= Thomas Bridges Hughes =

English footballer

Thomas Bridges Hughes (17 September 1851 – 10 August 1940) was an English amateur footballer who was the first player to score two goals in an FA Cup Final, with Wanderers in 1876. He subsequently had a long career as a schoolteacher.

==Education==
Hughes attended Highgate School from 1861 to 1863 and then Winchester College between 1863 and 1870, where he excelled academically, becoming a school prefect and in 1869-70 "Prefect of Hall", effectively the head boy. He was also a keen cricketer and represented the school from 1868 to 1870. He attained a scholarship to New College, Oxford, although this took him three years to achieve.

After graduating, in 1876 he initially studied law at the Inner Temple, before embarking on his career as a teacher.

==Football career==
His football career included appearances for Oxford University (when he played against Cambridge University in March 1874), Swifts and Old Wykehamists, but he achieved notability for his exploits with the Wanderers amateur club, who won five of the first seven FA Cup finals.

His first Wanderers match came on 29 January 1876 in a 2–0 victory over Sheffield in the FA Cup third round, with both goals coming from Francis Heron.

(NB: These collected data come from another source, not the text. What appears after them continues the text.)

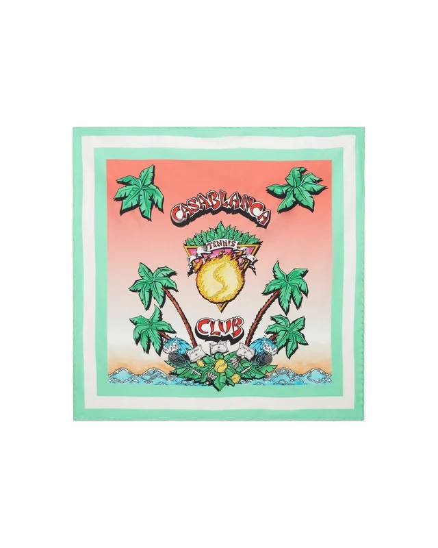 Tennis Club Medium Silk Scarf är en tryckt design tillverkad av silketwilltyg med husets säsongsbetonade konstverk omtolkat i ett surftema i stil med en grafisk skiss ritad med tuschpennor. Avslutas med en grön- och vitrandig kant.
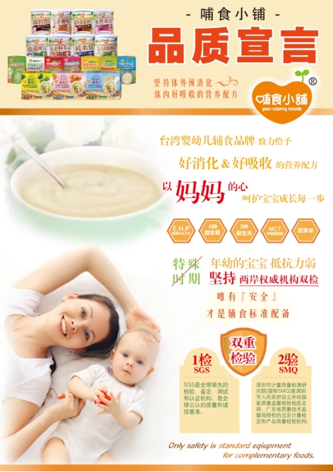 哺食小铺辅食系列产品-哺食小铺米精华、谷智宝宝宝粥、生机小农营养米面条,严守质量防线,均采用台湾当地当季谷物、蔬菜、水果为原料,选用安心食材不添加防腐剂、人工色素、香精,坚持多重合格检验标准,守护宝贝的辅食安全。
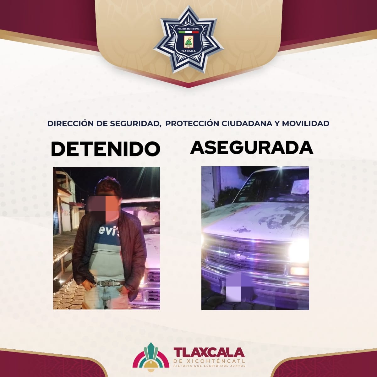 Tlaxcala, Tlax; 06 de septiembre de 2025 (PulsoRed) La policía municipal de Tlaxcala aseguró en la comunidad de Santa María Ixtulco a un hombre con una camioneta vinculada a diferentes hechos delictivos, luego de ser detectada a través de los arcos de seguridad.
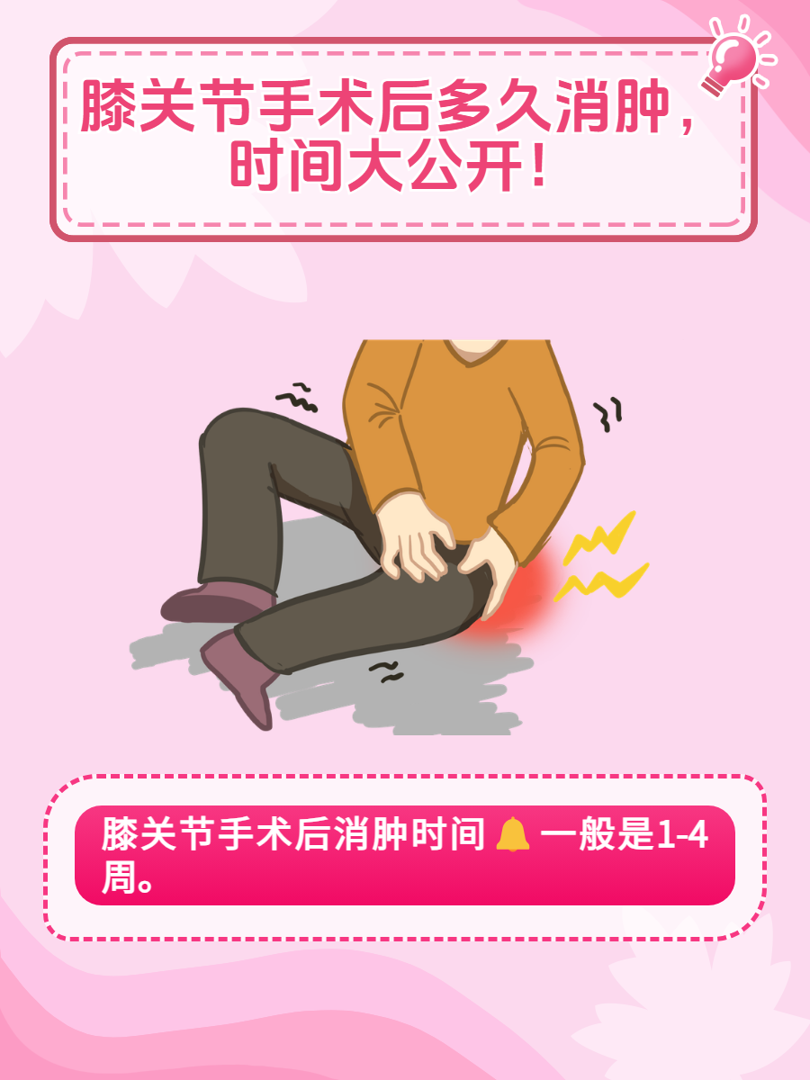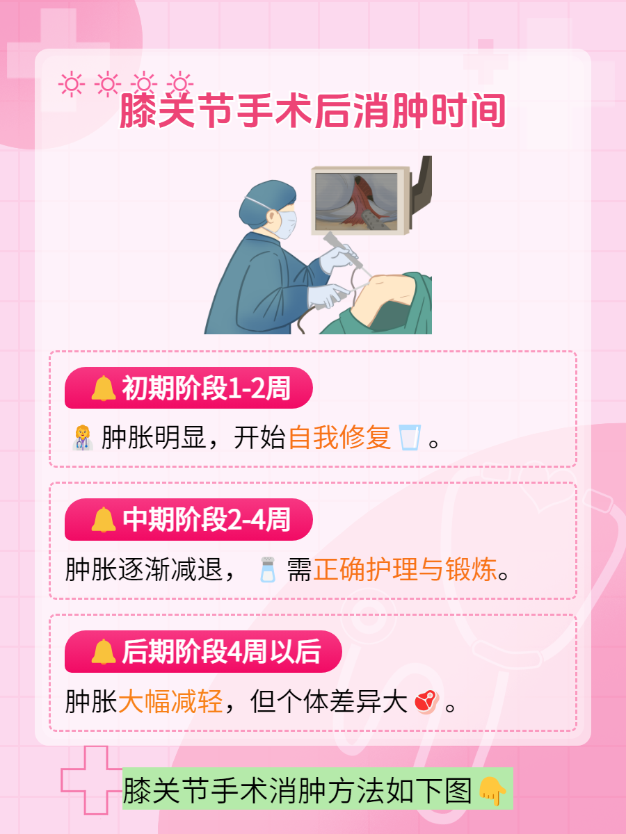 🕒一般来说,膝关节手术后的消肿时间一般是1-4周,具体情况因人而异,但大体而言,消肿过程可以划分为几个阶段:
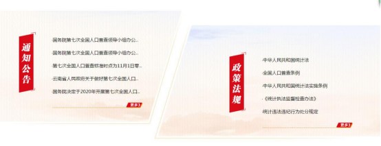 “通知公告”和“政策法规”栏目将有关人口普查的各项通知公告和法律法规知识进行展示,便于普查人员和普查对象及时掌握重要信息,使各级普查机构、普查工作人员依法开展第七次全国人口普查工作,使广大普查对象依法履行义务,积极配合人口普查工作,确保普查工作的高效开展。
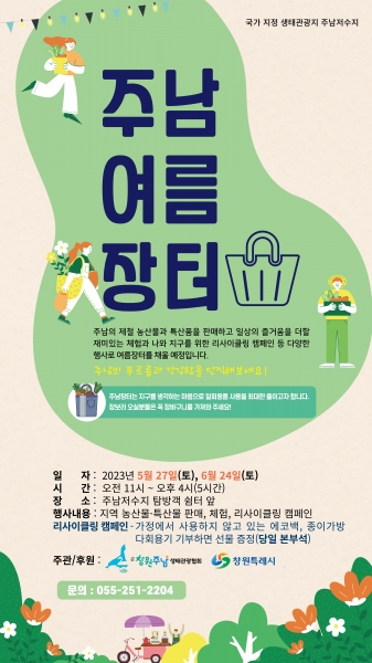 오는 27일 ‘주남 여름 장터’는 오전 11시부터 오후 4시까지 주남저수지 탐방객편의센터 앞 공터에서 개최되며 6월과 9월부터 11월까지 매월 마지막 주 토요일에 4회 더 개최될 예정이다.

Hughes retained his place for the rest of the season, helping Wanderers to reach their third final in the first five years of the tournament, when they met the Old Etonians at the Kennington Oval in the final on 11 March, which ended in a 1–1 draw. In the replay a week later, again at the Oval, Charles Wollaston scored Wanderers' first after a scramble in front of goal. Their next attack saw a fast run down the field by Hubert Heron, and Hughes slamming in the second goal. Heron and Hughes made another good run early in the second half and, being well supported, Hughes was able to notch another goal for the Wanderers. It was the first year of Wanderers' "hat-trick" of Final victories. Hughes thus became the first player to score more than once in an FA Cup final.

During the 1876–77 season, Hughes only made three reported appearances for Wanderers, all in the FA Cup. In the Cup Final Wanderers were again victorious, defeating Oxford University 2–1, with goals from William Lindsay and Jarvis Kenrick, with Arthur Kinnaird conceding an own goal for Oxford University.

Hughes teaching career prevented him from appearing for Wanderers over the next two seasons, but he returned in 1880–81 to make five appearances with two goals, both in the opening match of the season against Old Harrovians on 2 October 1880. By now Wanderers were in decline and Hughes played in their penultimate match against Harrow School in December 1882.

==Teaching career==
After abandoning his initial choice of a career in the legal profession, Hughes became a school master at Repton School from April to December 1878, and then at Brighton College from January to July 1879. He then returned to London and settled at Evelyn's School in Hillingdon where he remained until at least 1907.

He died at his home in Lelant, Cornwall on 10 August 1940, aged 88.